_What the exercise asks_
Copy nothing but the lines below running from the line containing "粮库作为著名的绿色仓储保管示" through the line containing "Anatole de DEMIDOFF", both end lines included.

_Source data_
+++
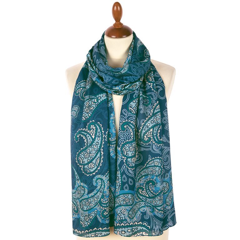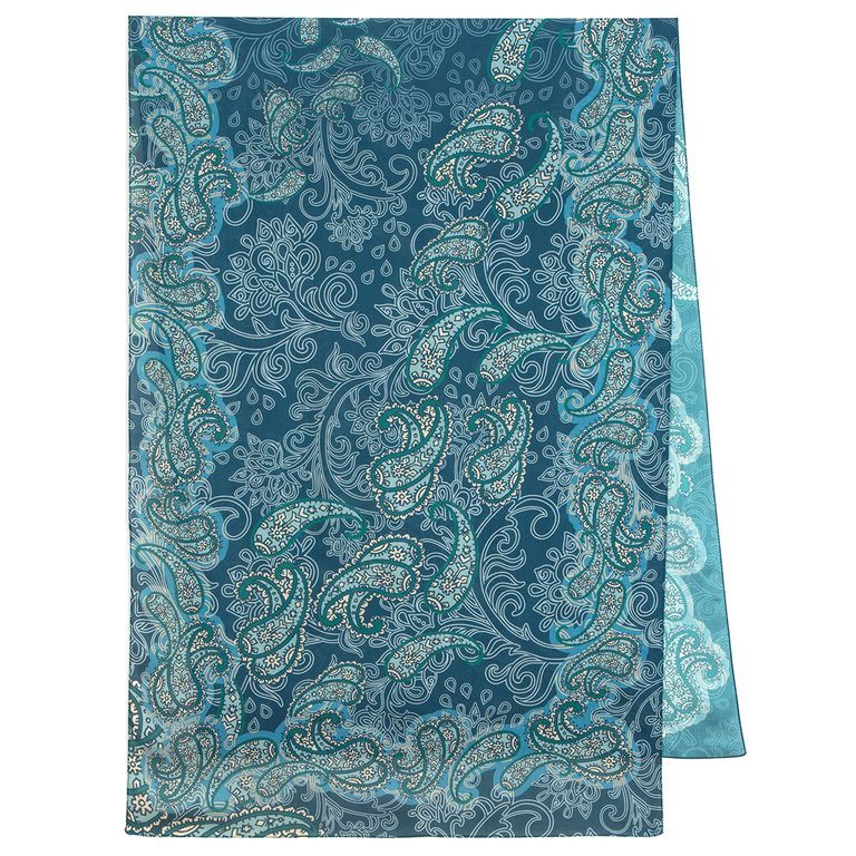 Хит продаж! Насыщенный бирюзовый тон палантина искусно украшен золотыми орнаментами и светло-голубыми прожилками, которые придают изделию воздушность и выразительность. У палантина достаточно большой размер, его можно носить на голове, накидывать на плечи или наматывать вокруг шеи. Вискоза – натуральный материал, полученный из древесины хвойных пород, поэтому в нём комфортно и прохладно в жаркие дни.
+++
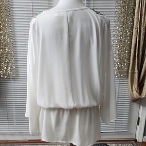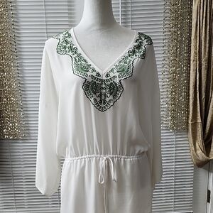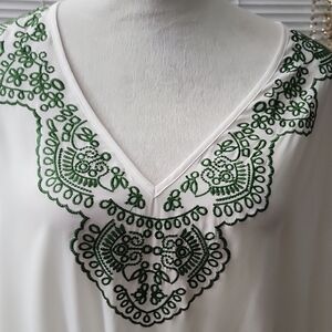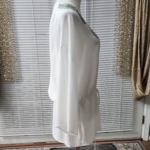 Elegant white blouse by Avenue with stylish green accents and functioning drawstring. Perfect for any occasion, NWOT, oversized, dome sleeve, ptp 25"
+++
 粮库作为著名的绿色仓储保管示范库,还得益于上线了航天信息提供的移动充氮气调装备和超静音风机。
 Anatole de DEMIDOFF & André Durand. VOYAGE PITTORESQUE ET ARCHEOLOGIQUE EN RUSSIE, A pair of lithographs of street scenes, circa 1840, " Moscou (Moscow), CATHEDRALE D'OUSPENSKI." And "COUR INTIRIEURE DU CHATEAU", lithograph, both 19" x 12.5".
+++
_Your solution_
 粮库作为著名的绿色仓储保管示范库,还得益于上线了航天信息提供的移动充氮气调装备和超静音风机。
 Anatole de DEMIDOFF & André Durand. VOYAGE PITTORESQUE ET ARCHEOLOGIQUE EN RUSSIE, A pair of lithographs of street scenes, circa 1840, " Moscou (Moscow), CATHEDRALE D'OUSPENSKI." And "COUR INTIRIEURE DU CHATEAU", lithograph, both 19" x 12.5".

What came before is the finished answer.